== Segment start ==

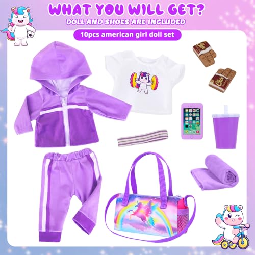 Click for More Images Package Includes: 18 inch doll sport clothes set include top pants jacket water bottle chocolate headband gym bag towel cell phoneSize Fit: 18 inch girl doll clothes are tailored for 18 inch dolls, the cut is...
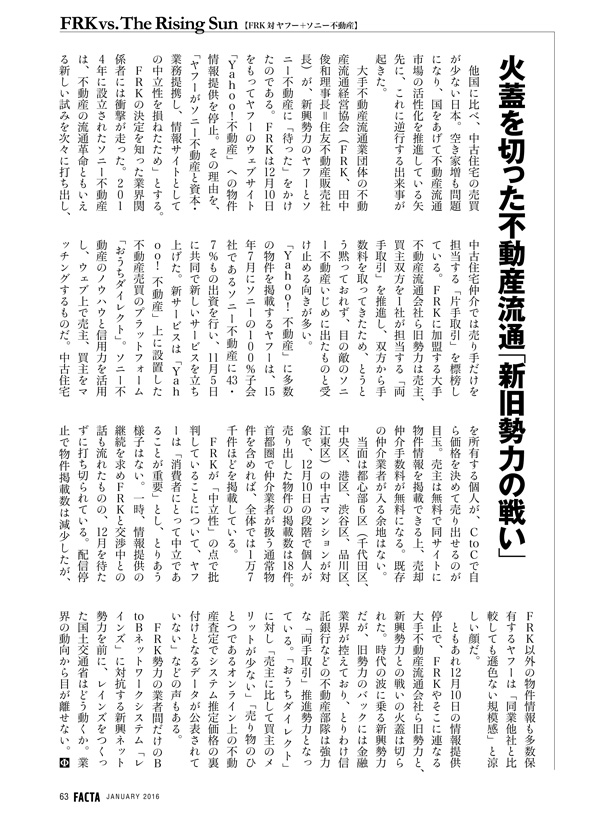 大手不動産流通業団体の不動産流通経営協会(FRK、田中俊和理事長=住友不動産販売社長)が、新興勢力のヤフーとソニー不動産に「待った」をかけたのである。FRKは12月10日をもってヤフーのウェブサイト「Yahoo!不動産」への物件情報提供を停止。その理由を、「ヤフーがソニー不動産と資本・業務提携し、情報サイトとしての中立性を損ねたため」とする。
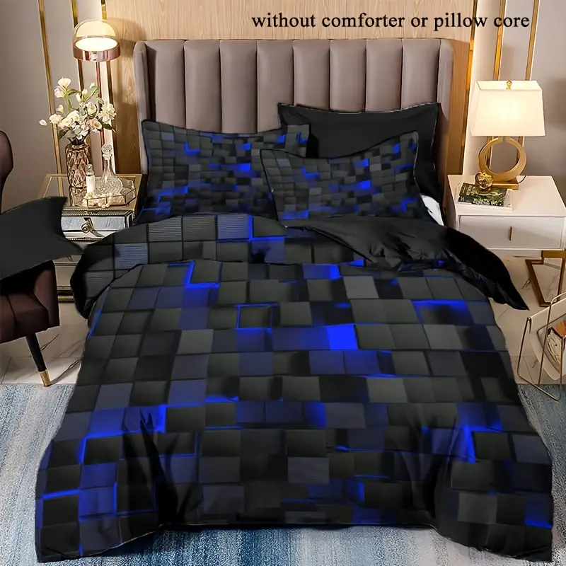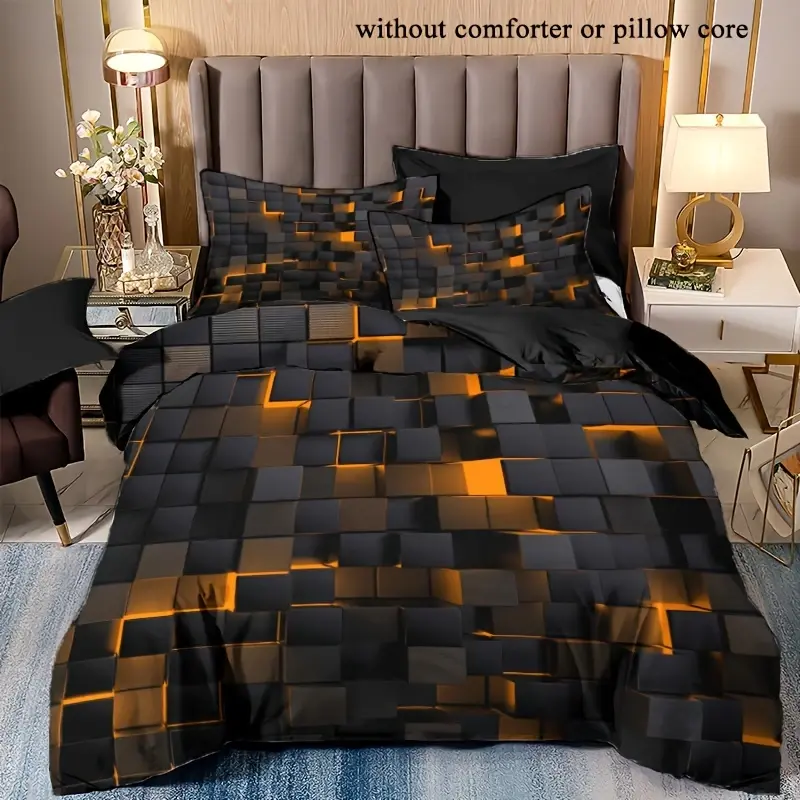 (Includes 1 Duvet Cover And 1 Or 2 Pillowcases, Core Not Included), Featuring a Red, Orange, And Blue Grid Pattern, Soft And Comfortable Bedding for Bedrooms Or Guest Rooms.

== Segment end ==

Across the whole listing, reproduce each line verbatim and exclude every picture.

[TASK SOLUTION]
 Click for More Images Package Includes: 18 inch doll sport clothes set include top pants jacket water bottle chocolate headband gym bag towel cell phoneSize Fit: 18 inch girl doll clothes are tailored for 18 inch dolls, the cut is...
 大手不動産流通業団体の不動産流通経営協会(FRK、田中俊和理事長=住友不動産販売社長)が、新興勢力のヤフーとソニー不動産に「待った」をかけたのである。FRKは12月10日をもってヤフーのウェブサイト「Yahoo!不動産」への物件情報提供を停止。その理由を、「ヤフーがソニー不動産と資本・業務提携し、情報サイトとしての中立性を損ねたため」とする。
 (Includes 1 Duvet Cover And 1 Or 2 Pillowcases, Core Not Included), Featuring a Red, Orange, And Blue Grid Pattern, Soft And Comfortable Bedding for Bedrooms Or Guest Rooms.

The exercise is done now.